= William Alford Lloyd =

William Alford Lloyd (c. 1826–1880) was an English self-taught zoologist who became the first professional aquarist.

Inspired by Gosse's new book, The Aquarium, published in 1854 Lloyd, who worked for a bookseller, began keeping marine animals in glass tanks. On 14 July 1855 he opened a shop advertised in Notes & Queries as “selling everything relating to aquaria” at 164 St John Street Road, Clerkenwell, London. In 1856 he opened a new shop “The Aquarium Warehouse” at 20, Portland Road, Regent's Park and in 1860 he supervised the installation of an aquarium The Gardens of the Society of Acclimatation in Bois de Boulogne in Paris.

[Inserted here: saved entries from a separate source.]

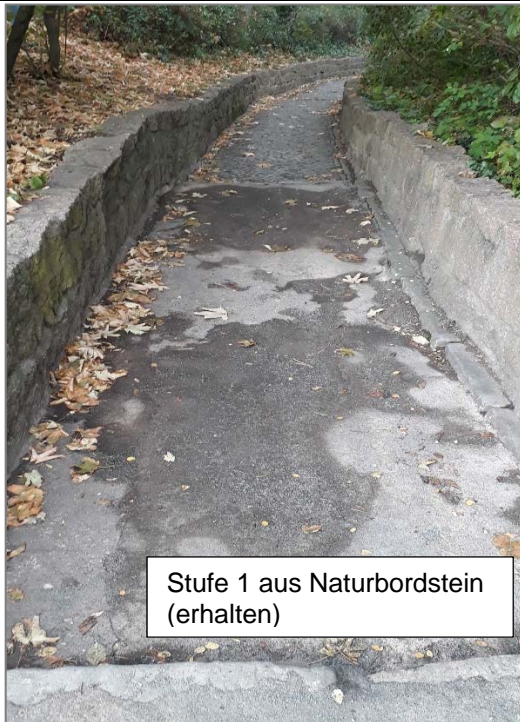
Stufe 1 aus Naturbordstein (erhalten)
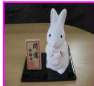
帯解寺さんの卯の置物

そこで南部公民館まつりは、いつも以上に賑やかに開催したいと、ただ今南部公民館自主グループ連絡協議会の皆さんと共に準備を進めております。是非、たくさんのご来場お待ちしております。
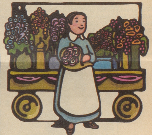
Märkte im Freien: London ist gesteckt voll von Märkten. Sehr günstig einkaufen können Sie in der Petticoat Lane. Antike Möbel in Massen finden Sie in Bermondsey.

Der Bobby – Ihr Freund und Helfer. Eine unentbehrliche Institution, wenn Sie nicht mehr weiter wissen. Verlangen Sie die British Travel Broschüre «London»: Sie zeigt Ihnen, was Sie alles sehen und tun können. Der Londoner Bobby zeigt Ihnen, wie Sie hinkommen.
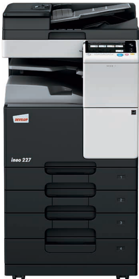
ineo 227 mit Duplex-Origineleinzug (DF-628), Zweifachablage (JS-506) und Papiereinzug (PC-213)
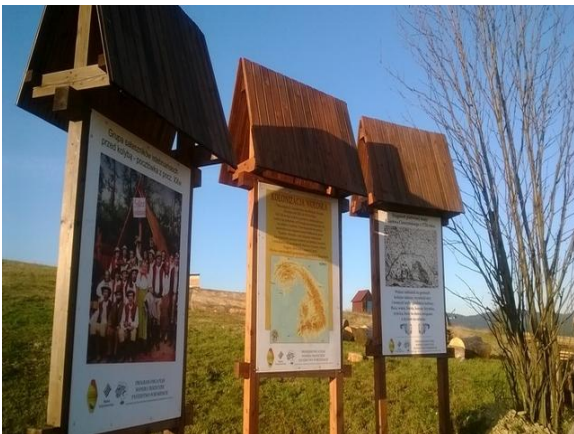
fot. Tablice informacyjne w Beskidach

Program przewiduje także budowę infrastruktury turystycznej tj. miejsc odpoczynku dla turystów, ścieżek, zagród i warsztatów edukacyjnych, punktów widokowych, itp.
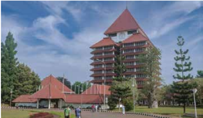
▲인도네시아 국립대학교

인도네시아에서 국립 대학교는 국내에서 최고의 고등교육기관으로 인정받고 있다. 이는 인도네시아 국립 대학교가 정부의 재정지원 덕분에 우수한 강사진, 최고의 실험실 및 연구소 등을 갖췄기 때문이다. 또한 국내 사립대와 비교해 국립대의 저렴한 등록금은 우수한 학생들을 유치하는 데 큰 요소로 작용해 학교의 경쟁력을 더욱 높이고 있다는 평가를 받고 있다. 하지만 최근 몇 년간 등록금이 크게 인상되면서 학생과 학부모들의 불만이 증가하고 있다. 그럼에도 불구하고, 인도네시아 국립대의 등록금은 싱가포르, 말레이시아 및 태국 등 이웃 국가와 비교했을 때 여전히 상대적으로 저렴한 편이다. 인도네시아에는 126개 국립대를 포함한 총 3,300여개의 국공립 및 사립대가 있다.
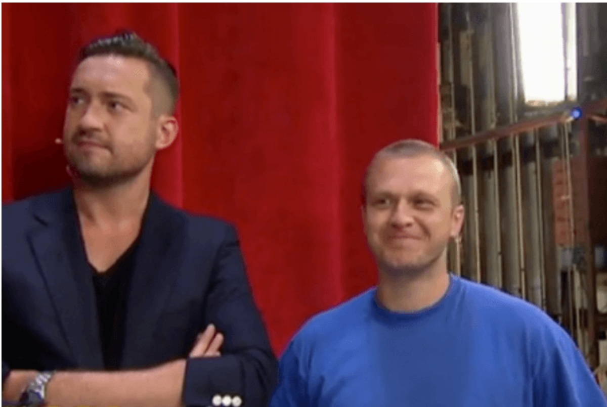
kadr z programu "Mam talent"
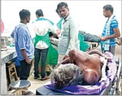
ଆଜି ହୋଇଥିବା ଆପୋଷ ସମାଧାନ ଗହୀର ମଝିରେ ଘଟିଲା ହତ୍ୟାକାଣ୍ଡ ଶବ୍ଦକୁ ଗୋଧରେ ଘୋର ଅଣିଆ ପୁଲିସ୍ ଗଣ୍ଡଗୋଳ ଆଖକାରେ ଗାଁ କରିଛନ୍ତି ଯୋଗ୍ୟ

ଦଣ୍ଡପାଣିଙ୍କ ବେକକୁ ଚୋଟ ପକାଇଥିଲେ। ପକରେ ଘଟଣାସ୍ଥଳରେ ଦଣ୍ଡପାଣିଙ୍କ ମୃତ୍ୟୁ ହୋଇଯାଇଥିଲା।
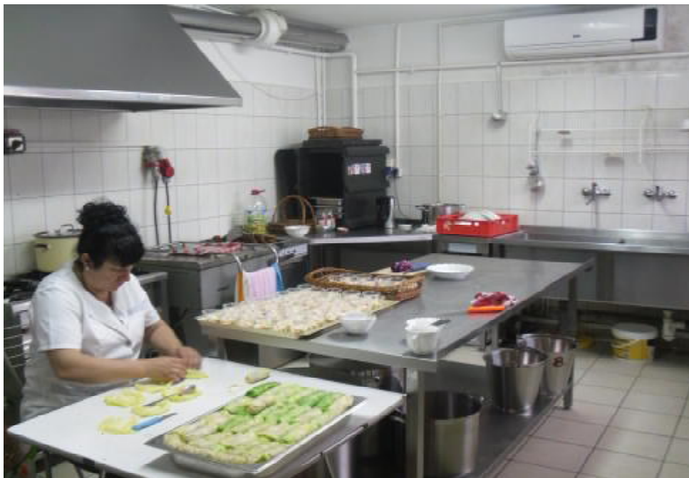
Prace w kuchni.

Poniżej fotografie świetlicy wiejskiej w Jażyncu.

By the 1860s the aquarium craze was over, at least in England, and Lloyd went bankrupt. In 1862, supported by Richard Owen he moved to Grindel Dammthor, Hamburg, to supervise the installation of the circulating system and tanks at the Hamburg Aquarium. Success in Germany led to his appointment as Superintendent of the Crystal Palace Aquarium two years before it opened in 1871. Anton Dohrn, who had made Lloyd's acquaintance in 1866 at the Hamburg aquarium invited him to install the aquaria at Stazione Zoologica at Naples in the spring of 1873. Here some of Lloyd's circulating system was still operating well into the 20th century. Anton Dohrn's professional biological station flourished and the Swedish Professor Loven of Sweden, who planned a research establishment sent a representative to London to consult with Lloyd. In England Lloyd's last post was as superintendent at the Aston Aquarium, Birmingham.